The relentless GOP attack on the bureaucracy amounts to an assault on the very idea of professional government. It would alter a cornerstone belief of American governance, dating to the Pendleton Act of 1883, that it is essential to insulate public servants from partisan influence. The modern civil service was created in reaction to the endemic abuses of the spoils system that ran nineteenth-century American politics. “Political sympathy and partisan activity were…required as a condition of appointment. Fitness for office was given far less consideration and thus, the quality of public service was seriously affected,” says the Office of Personnel Management’s website, words that could apply to the Bush-era executive branch.
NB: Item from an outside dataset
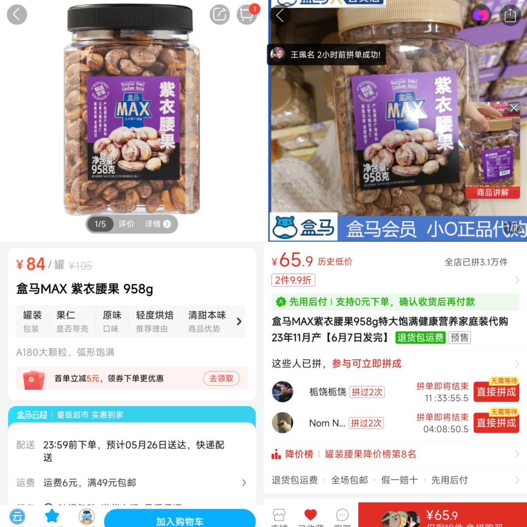 另一边,盒马MAX紫衣腰果,重量为958克,官方App售价84元,拼多多同款售价65.9元,比官方便宜了18.1元。

Richard Nixon once said that allowing his Cabinet to select a sub-Cabinet was his “first mistake.” Later, the Reaganites “went to school on Nixon and centralized the appointments process,” said public policy expert Paul Light. “Then Bush went to school on Reagan, arguing that every appointment should be centralized and carefully vetted for ideology.” This innovation may be one of the Bush Administration’s most significant legacies.

A study by Light found that compared with the eight Presidents who preceded him, George W. Bush has “one of the smallest domestic agendas in recent history,” ranking last in major domestic legislative proposals. It may well be that his most enduring domestic legacy will be a backward-looking reinvention of government.